Based on your test code, I think you're creating something like this:
-device
vfio-pci,sysfsdev=/sys/class/mdev_bus/0000:00:03.0/53764d0e-85a0-42b4-af5c-2046b460b1dc
That would explain the need for the parent device address, but that's
an entirely self inflicted requirement. For a managed="no" scenarios,
we shouldn't need the parent, we can get to the mdev device
via /sys/bus/mdev/devices/53764d0e-85a0-42b4-af5c-2046b460b1dc. So it
seems that the UUID should be the only required source element for
managed="no".
For managed="yes", it seems like the parent device is still an optional
field. The most important thing that libvirt needs to know when
creating a mdev device for a VM is the mdev type name. The parent
device should be an optional field to help higher level management
tools deal with placement of the device for locality or load balancing.
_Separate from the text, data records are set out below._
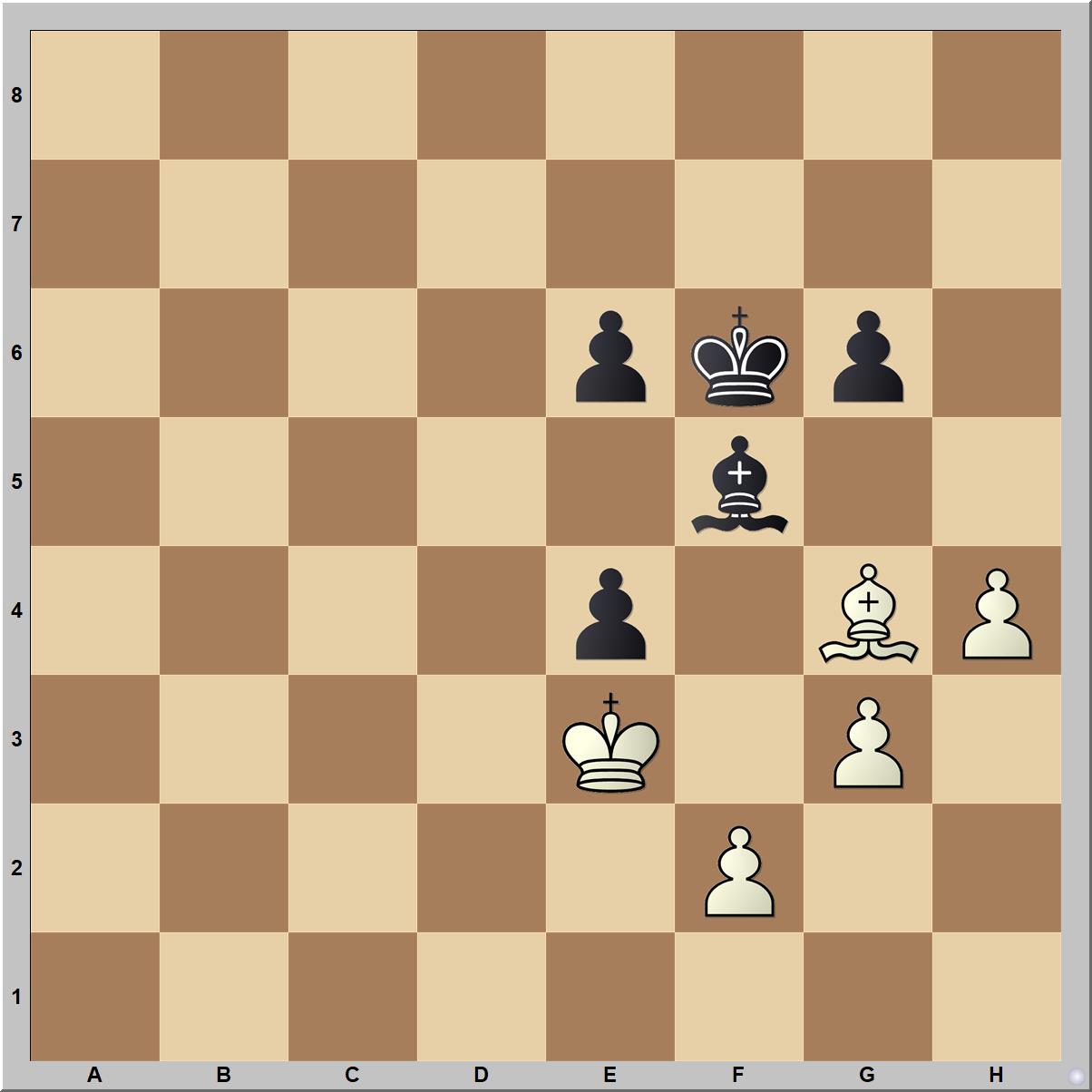 Bernhard Horwitz 1863-as tanulmányában világos nyert gyalogvégjátékot ér el futócserével: 1.Ff5! Kf5 (1…ef5 2.Kf4! vagy 1…gf5 2.Kd4! nyer) 2.Kd4 e5+ 3.Ke3! nyer (1-0).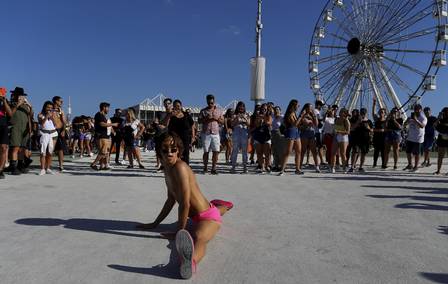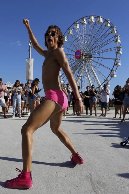 Em um dia repleto de cores no Rock in Rio, um estudante da Bahia tem chamado a atenção no meio do público da Cidade do Rock. Com um figurino ousado, o jovem Murilo Genasha, de 17 anos, optou por vestir apenas uma sunguinha rosa em tom neón - que combina com o par de tênis. Segundo ele, uma homenagem para as duas maiores divas pop: Pink e Anitta. Performático, ele chamou a atenção desde a abertura dos portões, fazendo espacates e outros passos de dança. As informações são do Extra.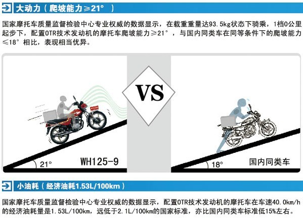 大動力(爬坡能力≥21°)國家摩托車質(zhì)量監(jiān)督檢驗中心的權(quán)威數(shù)據(jù)顯示,在載重重量達(dá)93.5Kg狀態(tài)下騎乘,1檔0公里其部下,配置OTR技術(shù)發(fā)動機(jī)的摩托車爬坡能力≥21°,與國內(nèi)同類車在同等條件下的爬坡能力≤18°相比,表現(xiàn)相當(dāng)優(yōu)異。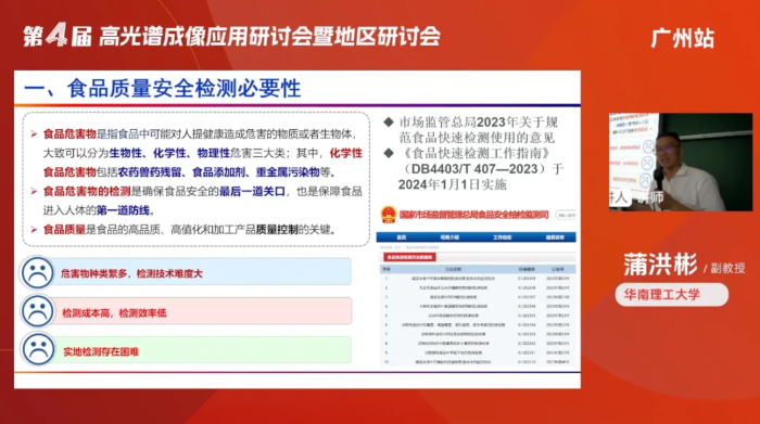 華南理工大學蒲洪彬副教授為大家?guī)怼陡吖庾V在食品品質快速檢測的應用與深度學習研究》的報告。本報告簡單介紹高光譜的原理和使用方法,重點匯報高光譜在果蔬、肉品等農(nóng)產(chǎn)品原料品質和過程監(jiān)控中的應用成果,并介紹人工智能在高光譜食品品質檢測中的應用情況。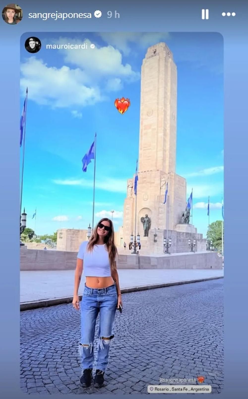 La China y Mauro se mostraron en la ciudad de Rosario, donde nació el muchacho. El delantero compartió una imagen de su novia posando frente al Monumento Nacional a la Bandera de fondo.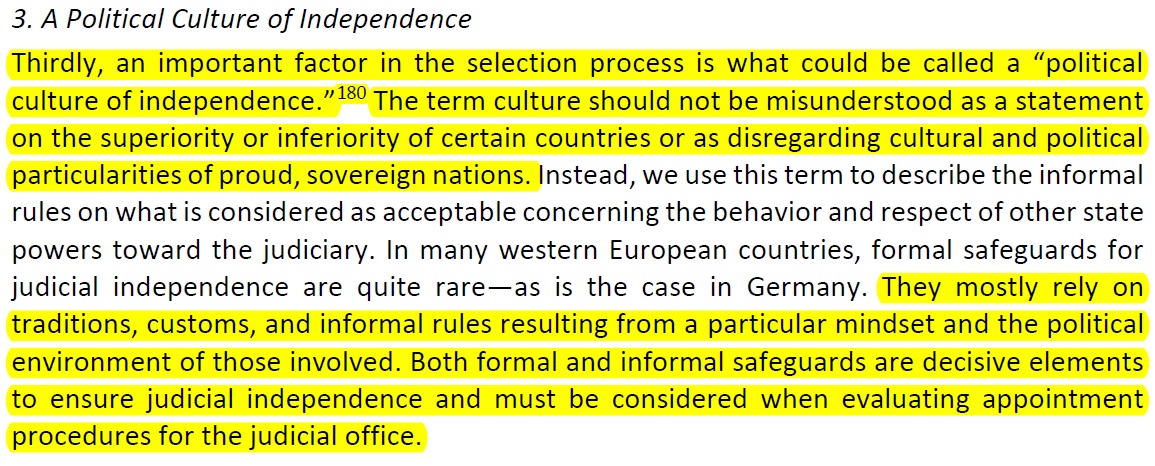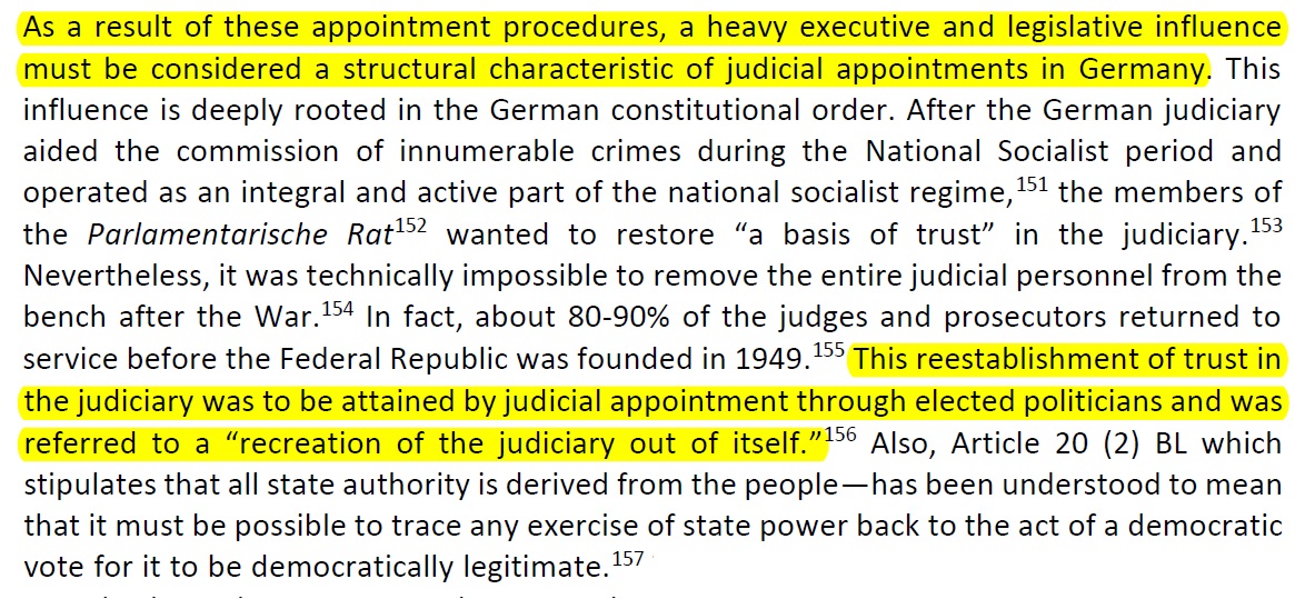 W naukowych publikacjach autorzy niemieccy przyznają, że ich o wiele bardziej upolityczniony wybór sędziów, z o wiele większym wpływem władzy wykonawczej i prawodawczej niż w Polsce był reakcją na narodowy socjalizm: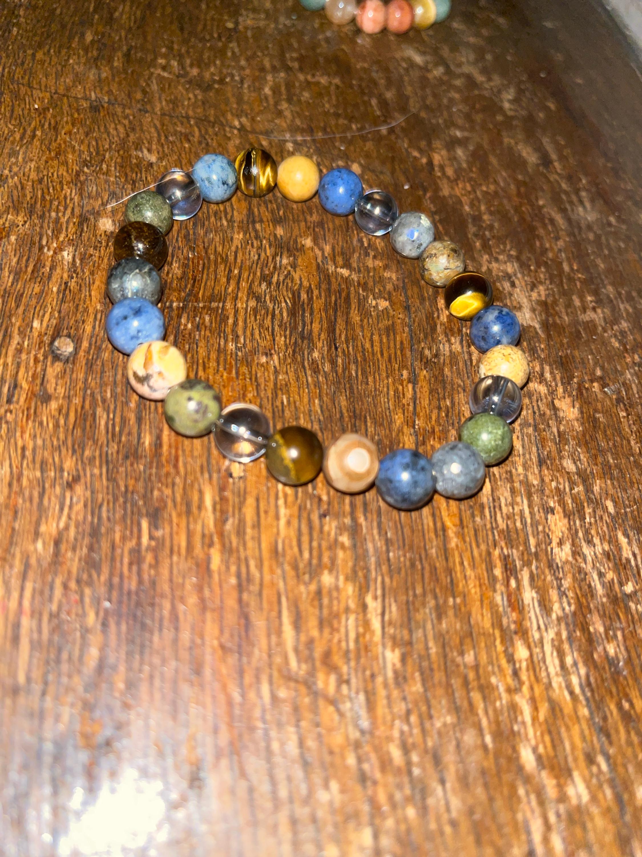 This wonderful bracelet is both a complete seven chakra bracelet and empath/negative energy protection bracelet. We've designed this piece with earthy and grounding colored stones. Tucked into these 8mm sized stones is an Evil Eye Agate stone for even more natural protection.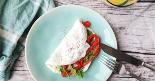 再加上芝麻菜和紅甜椒,將圓型蛋皮對折,Omelette的表面上再佐以少量的鹽和胡椒粉,90 卡路裏的Omelette早餐就完成了!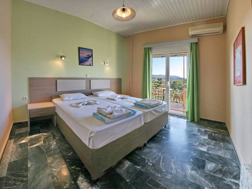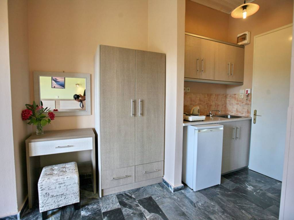 Studio/one-room apartment for rent from the end of May until October. It is located within a complex of rental apartments with a swimming pool, in a central spot in Anaxos, just 200 meters from the beach and 100 meters from the mini market, tavernas, and other shops. There is no parking inside the property, but there is a large public parking area by the beach.The price for the seasonal rental from May to October is €2,400 or 200 per month , paid in two installments in advance.
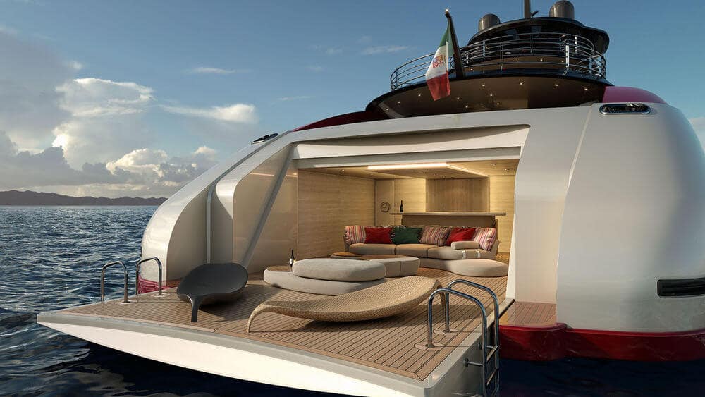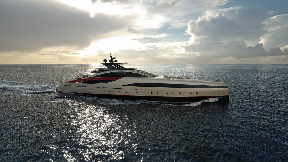 Fast, elegant and luxurious, the SeaFalcon is a 60-meter (197-foot) sport yacht created by Mondomarine and Luiz de Basto. It features a beautiful three-deck configuration, with the hull and main deck encapsulated in a mono-volume structure, and the upper deck and flybridge housed in a long arched volume. For extra visual appeal and dynamism, the hull is opened aft to expose a Tuscan red structural element.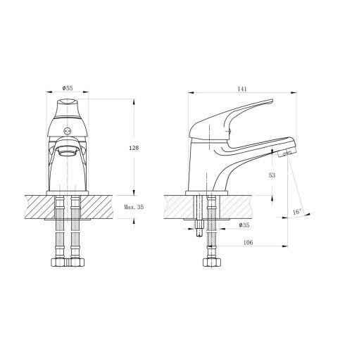 В комплекте гибкая подводка с латунными гайками 35см - 2 шт., присоединительная гайка S-32(34) мм, втулка-31мм, фум-лента, индивидуальный пакет, паспорт, гарантийный талон.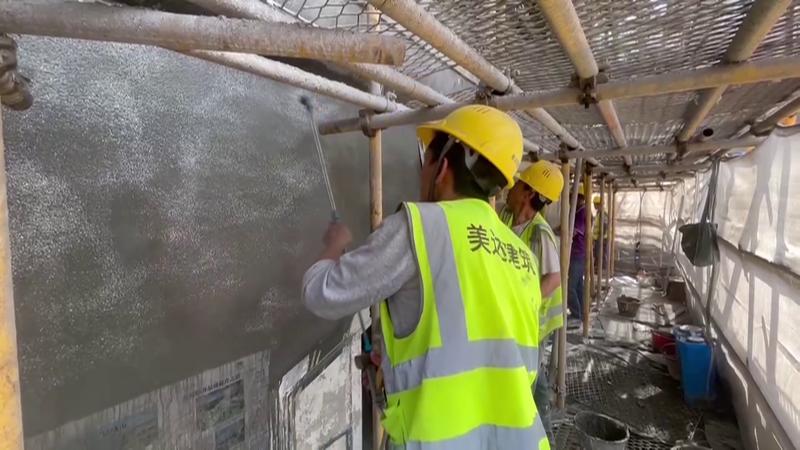 而且水刷石的修复也很费劲,因为墙上的水刷石有两种规格,市场上很难找到现成的。美达公司重庆公寓项目负责人陆佳告诉记者:“我们这次装修的水刷石有两种规格,一种是线上,配合比是1mm到2mm的碎石。另外一个是大面,2-4毫米。在进行小面积试样之前,我们将3-5毫米的石头对比筛选出2-4毫米。样品经专家核对后,在专家和设计确认后,我们进行了大规模的修复。”“修理工作中有接缝,新老之间有接缝。在新旧接缝之间的处理中,需要一位熟练的老师傅将这条缝切成小缝,然后在中间补上一块块碎石。加密后,再用一种我们的平色剂进行平色,可以达到近看稍有痕迹,远看可以达到完美的效果。”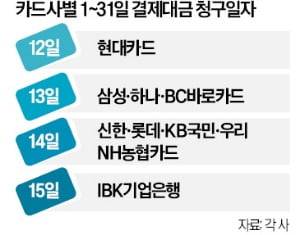 카드 값, 12·13·14·15일 결제 땐 '대금=전월실적'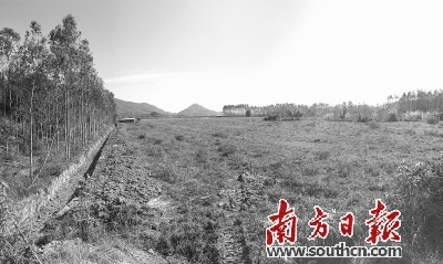 12月7日,记者在高北村看到,近千亩农田集中分布在河水一侧,连片平整,除了少部分种植香蕉,其余都已丢荒,杂草丛生。在河的上游,记者找到了被水冲毁的陂头,由于时隔多年,原址已不复存在。不过,通过残留的一角大致可以推测出原来的形状:陂头长约四五十米,高三四米,由巨石堆砌而成,将河水截断形成了一个水面高于下游农田的大水塘,然后通过水闸放水灌溉农田。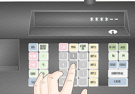 Enter a security code or password to use the register. Many registers will require that you enter a clerk number or other security code to use the register. Clerk numbers are useful so that each sale is attributed to a particular person. This is helpful in tracking sales and clearing up errors. If you work in a restaurant, you may need to enter your employee code along with the table number and number of customers. Newer cash registers (such as the Square cash register) may require that you log in with an email address and password.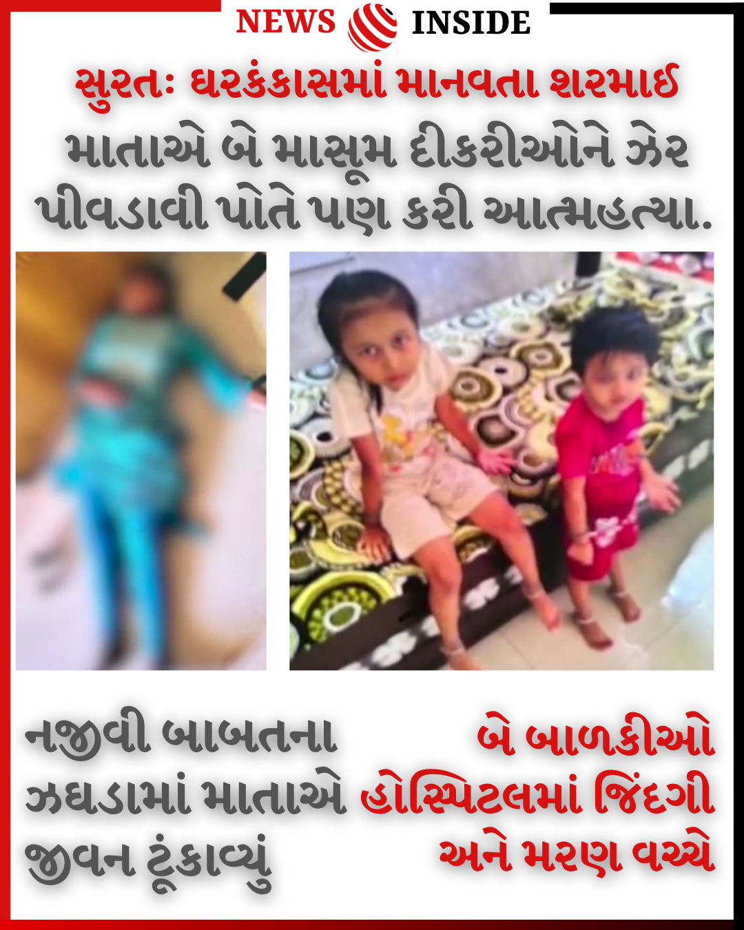 મળતી વિગતો અનુસાર, ડભોલી વિસ્તારમાં રહેતા અને હીરાના કારખાનામાં કામ કરતા મનસુખભાઈ (નામ બદલેલ છે) બુધવારે બપોરે ઘરે જમવા આવ્યા હતા. પરિવાર સાથે ખુશી-ખુશી જમ્યા બાદ તેઓ પરત કામે ગયા હતા. જોકે, તેમના ગયા બાદ પત્ની કીર્તિબેને (નામ બદલેલ છે) એકાએક અત્યંત આઘાતજનક પગલું ભર્યું હતું. તેમણે ઘરમાં રહેલી અનાજમાં નાખવાની ઝેરી દવા પાણીમાં ભેળવી પોતાની 6 અને 5 વર્ષની બે પુત્રીઓને પીવડાવી દીધી હતી અને ત્યારબાદ પોતે પણ તે ગટગટાવી લીધી હતી.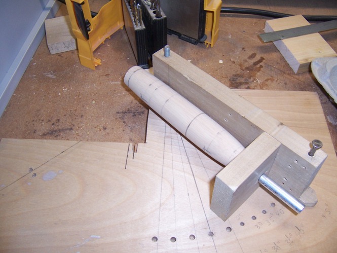 first picture is of the jig... the dowel on the belly holes fits snug.. 0 play... the tail stock pin holds it secure....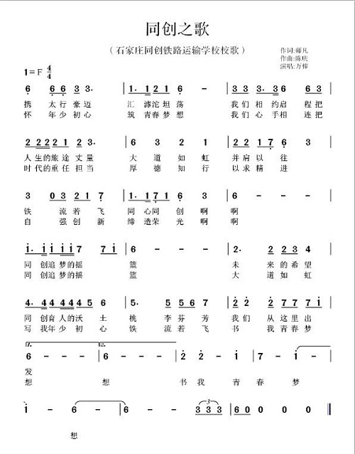 石家庄同创铁路学校的最新校歌《同创铁路学院之歌》来啦!这首歌是董事长师凡亲自作词作曲,由著名歌手万棒演唱。这首歌感应着同创人共同的心跳和律动,字里行间也展现出董事长师凡先生艰苦奋斗年少创业的过往画面。这首歌凝聚着同创人共同的责任和信仰,歌词里也传递了“同创是梦想开始的地方”这一深刻的理念。“同创追梦的摇篮”~我已经会唱了~你呢?

Also, we can't assume that the parent device is a PCI device, the
sample mtty driver already breaks this assumption.
Also, grep'ing through the patches, I don't see that the "device_api"
file is being used to test that the mdev device actually exports the
vfio-pci API before making use of it with the QEMU vfio-pci driver. We
don't yet have any examples to the contrary, but non vfio-pci mdev
devices are in development. Just like we can't assume the parent
device type, we can't assume the API of an mdev device to the user.
Thanks,
Alex
A few remarks if you actually happen to have a machine to test this
on:
- right now the mediated devices are one-time use only, i.e. they have to be
recreated before every machine boot
- I wouldn't recommend assigning multiple vGPUs to a single domain
Once this series is sorted out, we can then continue with 'managed=yes' where
as Laine pointed out [1], we need to figure out how exactly should the
management layer hint libvirt which vGPU type should be used for device
instantiation.
[1]
https://www.redhat.com/archives/libvir-list/2017-January/msg00287.html
#pleaseshareyourfeedback
Thanks,
Erik
Erik Skultety (16):
util: Introduce new module virmdev
conf: Introduce new hostdev device type mdev
docs: Update RNG schema to reflect the new hostdev type mdev
conf: Adjust the domain parser to work with mdevs
Adjust the formatter to reflect the new hostdev type mdev
security: dac: Enable labeling of vfio mediated devices
security: selinux: Enable labeling of vfio mediated devices
conf: Enable cold-plug of a mediated device
qemu: Assign PCI addresses for mediated devices as well
hostdev: Maintain a driver list of active mediated devices
hostdev: Introduce a reattach method for mediated devices
qemu: cgroup: Adjust cgroups' logic to allow mediated devices
qemu: namespace: Hook up the discovery of mdevs into the namespace
code
qemu: Format mdevs on the qemu command line
test: Add some test cases for our test suite regarding the mdevs
docs: Document the new hostdev device type 'mdev'
docs/formatdomain.html.in | 40 ++-
docs/schemas/domaincommon.rng | 17 +
po/POTFILES.in | 1 +
src/Makefile.am | 1 +
src/conf/domain_conf.c | 81 ++++-
src/conf/domain_conf.h | 10 +
src/libvirt_private.syms | 19 ++
src/qemu/qemu_cgroup.c | 35 ++
src/qemu/qemu_command.c | 49 +++
src/qemu/qemu_command.h | 5 +
src/qemu/qemu_domain.c | 13 +
src/qemu/qemu_domain_address.c | 12 +-
src/qemu/qemu_hostdev.c | 37 ++
src/qemu/qemu_hostdev.h | 8 +
src/qemu/qemu_hotplug.c | 2 +
src/security/security_apparmor.c | 3 +
src/security/security_dac.c | 56 +++
src/security/security_selinux.c | 55 +++
src/util/virhostdev.c | 179 +++++++++-
src/util/virhostdev.h | 16 +
src/util/virmdev.c | 375 +++++++++++++++++++++
src/util/virmdev.h | 85 +++++
tests/domaincapsschemadata/full.xml | 1 +
...qemuxml2argv-hostdev-mdev-unmanaged-no-uuid.xml | 37 ++
.../qemuxml2argv-hostdev-mdev-unmanaged.args | 25 ++
.../qemuxml2argv-hostdev-mdev-unmanaged.xml | 38 +++
tests/qemuxml2argvtest.c | 6 +
.../qemuxml2xmlout-hostdev-mdev-unmanaged.xml | 41 +++
tests/qemuxml2xmltest.c | 1 +
29 files changed, 1239 insertions(+), 9 deletions(-)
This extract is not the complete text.